Blog Series Tags

C++ Constructors and Move Semantics

In order to do almost anything with a class in C++, you need to define a few constructors. If you don’t, depending on usage, the compiler will generate those constructors for you. For example, consider the following code:

class Person
{
public:
    string name;
    int age;
};

The above class does not explicitly define a constructor of any kind and if you don’t use the class at all, the compiler will just ignore it. However on the other hand if you do the following:

cout << "[p1]" << endl;
Person p1;
p1.name = "Felix Mendelssohn";
p1.age = 38;

cout << "[p2]" << endl;
Person p2(p1);

cout << "[p3]" << endl;
Person p3;
p3 = p1;

cout << "[" << &p2 << "] " <<  p2.name << " " << p2.age << endl;
cout << "[" << &p3 << "] " <<  p3.name << " " << p3.age << endl;

The compiler will then generate an Parameterless Constructor, Copy Assignment Constructor and a Copy Constructor for the class Person. The latter two will copy each non static data member of the source to the destination. The result would look like this, two distinct objects, with identical data, stored it different places.
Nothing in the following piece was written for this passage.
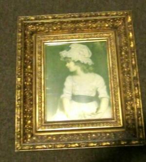 Antique golden ornate gesso and wood deep frame with pretty young girl
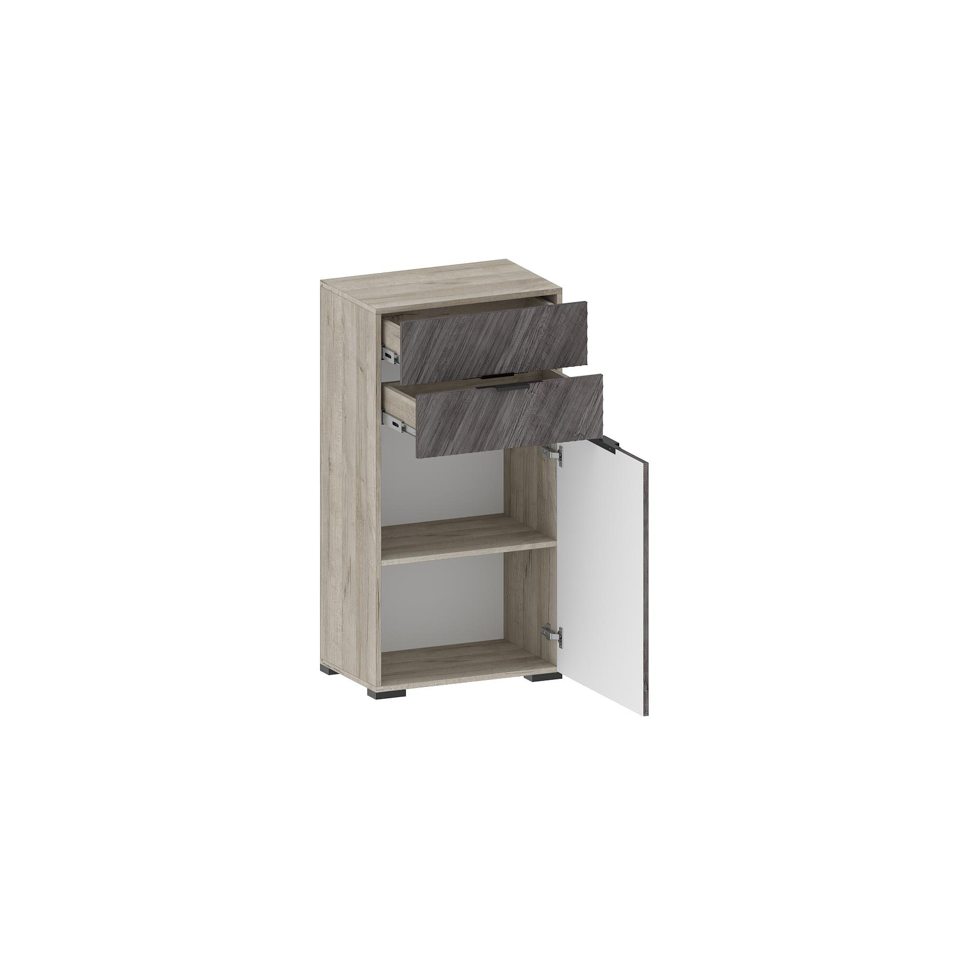 Новые современные цвета: черный ясень — это глубокий серый, легкий и одновременно динамичный цвет в сочетании с санторини белым — цвет с древесными линиями, создающими гармоничный контраст, наполняя пространство воздухом и природной энергией. Визуальная легкость, эстетика графики, элегантная окантовка с четкими формами, баланс теплых и холодных оттенков легли в основу дизайна новых модулей. Комоды и тумбы укомплектованы направляющими полного выдвижения. Строгая лаконичная ручка черного цвета. Крышки 32 мм.

[0x7ffedfd275d0] Felix Mendelssohn 38
[0x7ffedfd27600] Felix Mendelssohn 38

It would be as thought you explicitly wrote the following class:

class Person
{
public:
    string name;
    int age;

    Person()
    {
        cout << "Person Parameterless Constructor Called" << endl;
    }

    Person (const Person& rhs)
        : name(rhs.name), age(rhs.age)
    {
        cout << "Person Copy Constructor Called" << endl;
    }

    Person& operator=(const Person& rhs)
    {
        cout << "Person Copy Assignment Operator Called" << endl;
        this->name = rhs.name;
        this->age = rhs.age;
    }
};

Which results in the following output.

[p1]
Person Parameterless Constructor Called
[p2]
Person Copy Constructor Called
[p3]
Person Parameterless Constructor Called
Person Copy Assignment Operator Called
[0x7ffe0c4e9df0] Felix Mendelssohn 38
[0x7ffe0c4e9e20] Felix Mendelssohn 38

Notice, that for p3, first the parameterless constructor is called, followed by the copy assignment operator. This implementation is fairly straightforward, though the assignment operator should really use the copy and swap idiom.

Big Objects and Performance

The above example should work fine, given that we are dealing with small amounts of data, names don’t get that long…

…Ah, your back. If the amount of data within an object does become large, then the copy constructor can sometimes lead to a great deal of inefficiency. Let’s rework the class to demonstrate this.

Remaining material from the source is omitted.